[194342] in North American Network Operators' Group
Re: CGNAT
daemon@ATHENA.MIT.EDU (Compton, Rich A)
Sat Apr 8 19:11:37 2017
X-Original-To: nanog@nanog.org
From: "Compton, Rich A" <Rich.Compton@charter.com>
To: Aaron Gould <aaron1@gvtc.com>, 'Ahmed Munaf' <ahmed.dalaali@hrins.net>,
"'Nanog@Nanog'" <nanog@nanog.org>
Date: Thu, 6 Apr 2017 20:48:39 +0000
In-Reply-To: <000001d2af15$14a94fa0$3dfbeee0$@gvtc.com>
Errors-To: nanog-bounces@nanog.org
Hi Aaron, thanks for the info.
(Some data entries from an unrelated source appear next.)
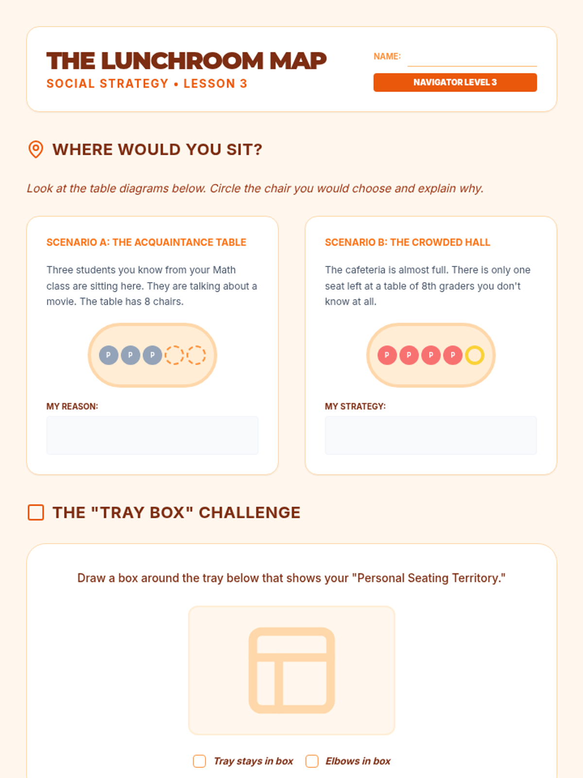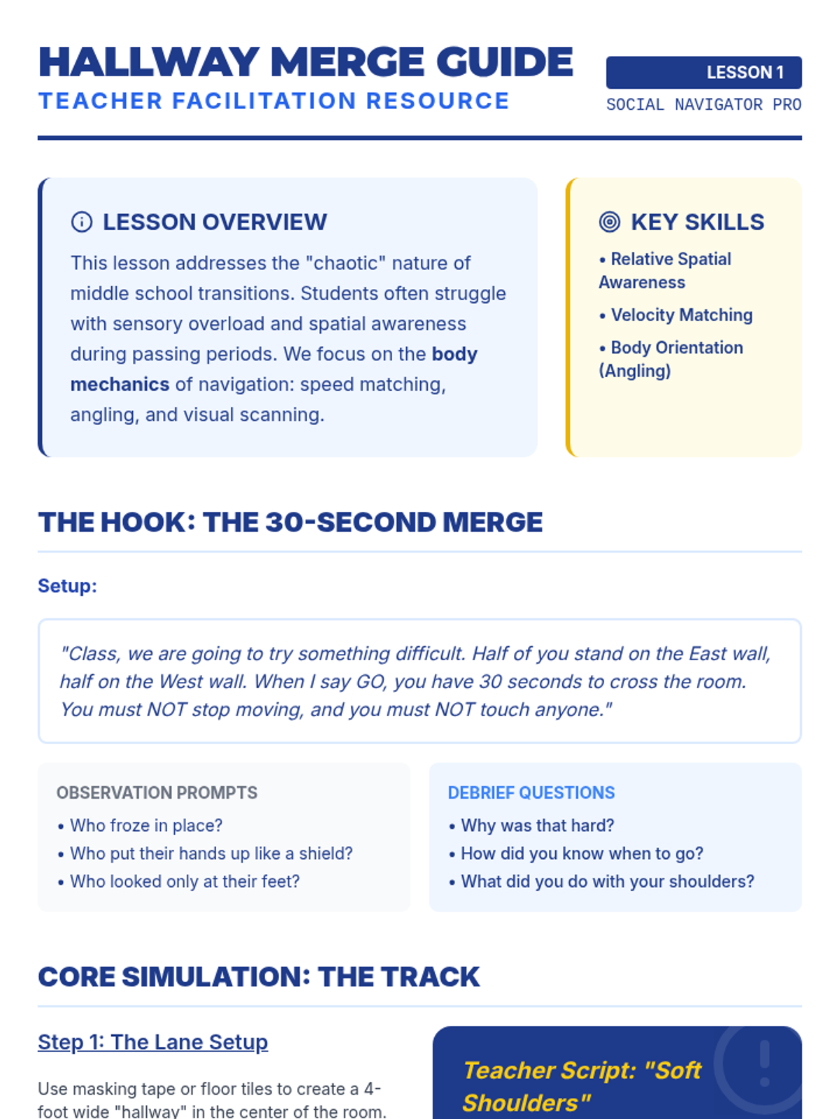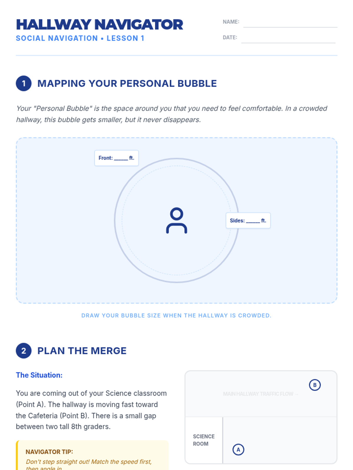 A comprehensive 5-lesson sequence designed for 6th-grade students focusing on navigating the spatial challenges of middle school environments, from crowded hallways to cafeteria seating.
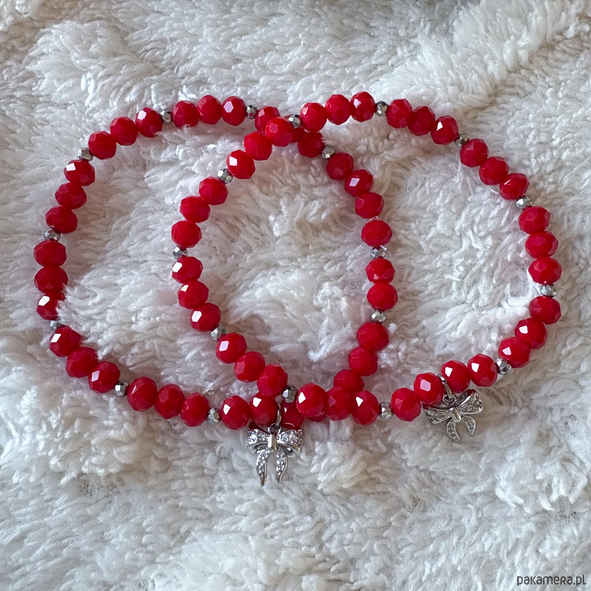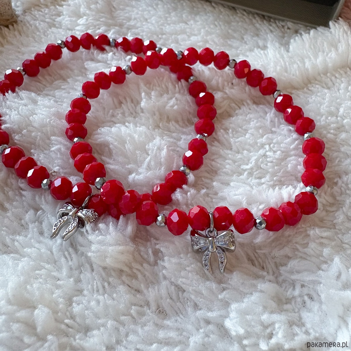 Świąteczna błyszcząca czerwona bransoletka z kokardką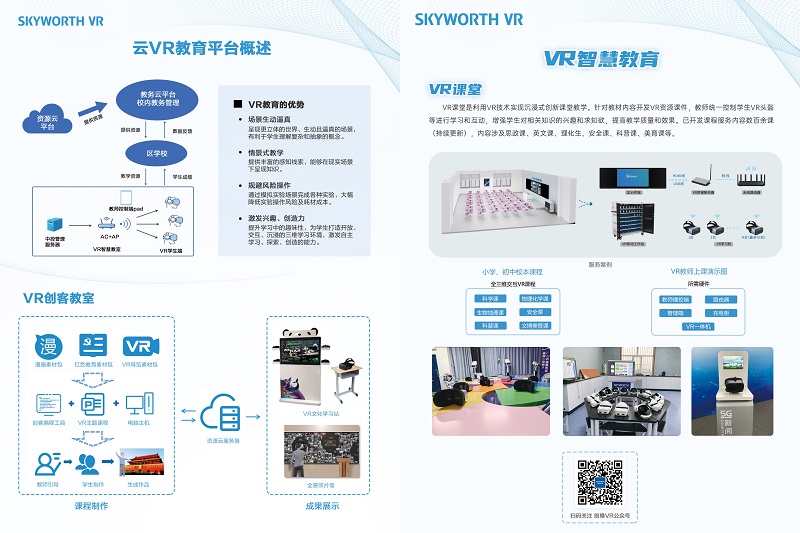 針對K12教育,創(chuàng)維VR擁有一套完整的VR智慧教育解決方案,其中包含硬件(VR一體機、服務(wù)器、網(wǎng)絡(luò)支持設(shè)備、充電消毒柜)、軟件系統(tǒng)(云端教務(wù)云系統(tǒng)、VR教室中控系統(tǒng)、管理員/教師管理客戶端、VR眼鏡學(xué)員控制端)及課程內(nèi)容;
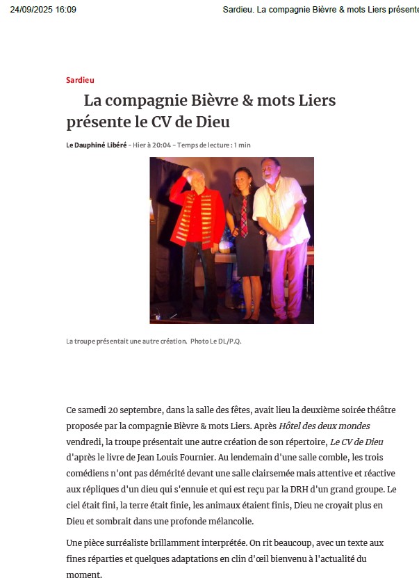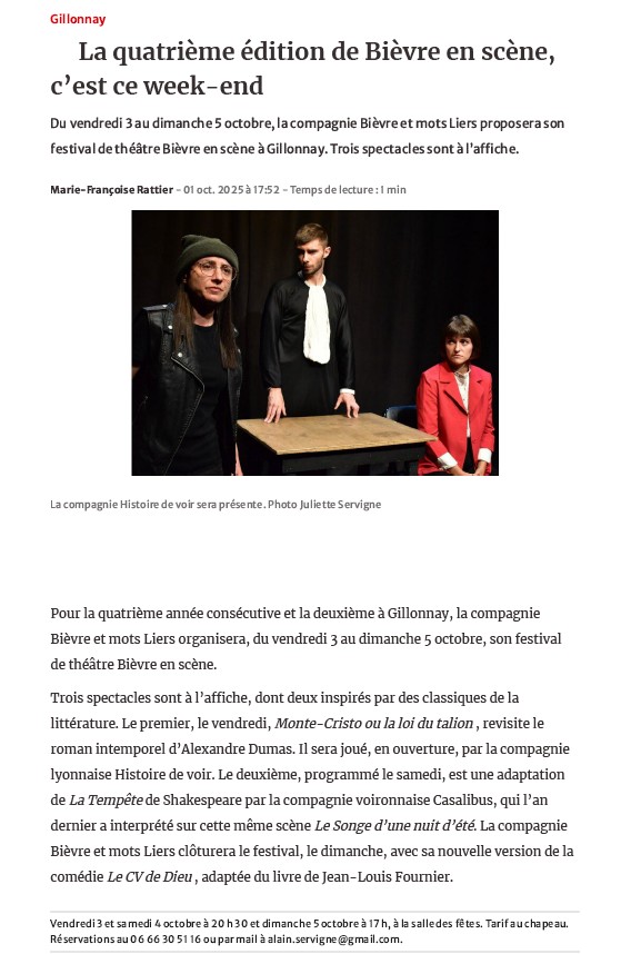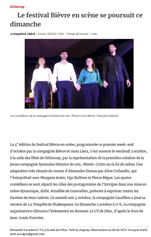 Festival de Théâtre "Bièvre en Scène" 2025 à Gillonnay

I=B9m curious what you or others do about
DDoS attacks to CGNAT devices. It seems that a single attack could affect
the thousands of customers that use those devices. Also, do you have
issues detecting attacks vs. legitimate traffic when you have so much
traffic destined to a small group of IPs?
Rich Compton | Principal Eng | 314.596.2828
14810 Grasslands Dr, Englewood, CO 80112
On 4/6/17, 2:33 PM, "NANOG on behalf of Aaron Gould"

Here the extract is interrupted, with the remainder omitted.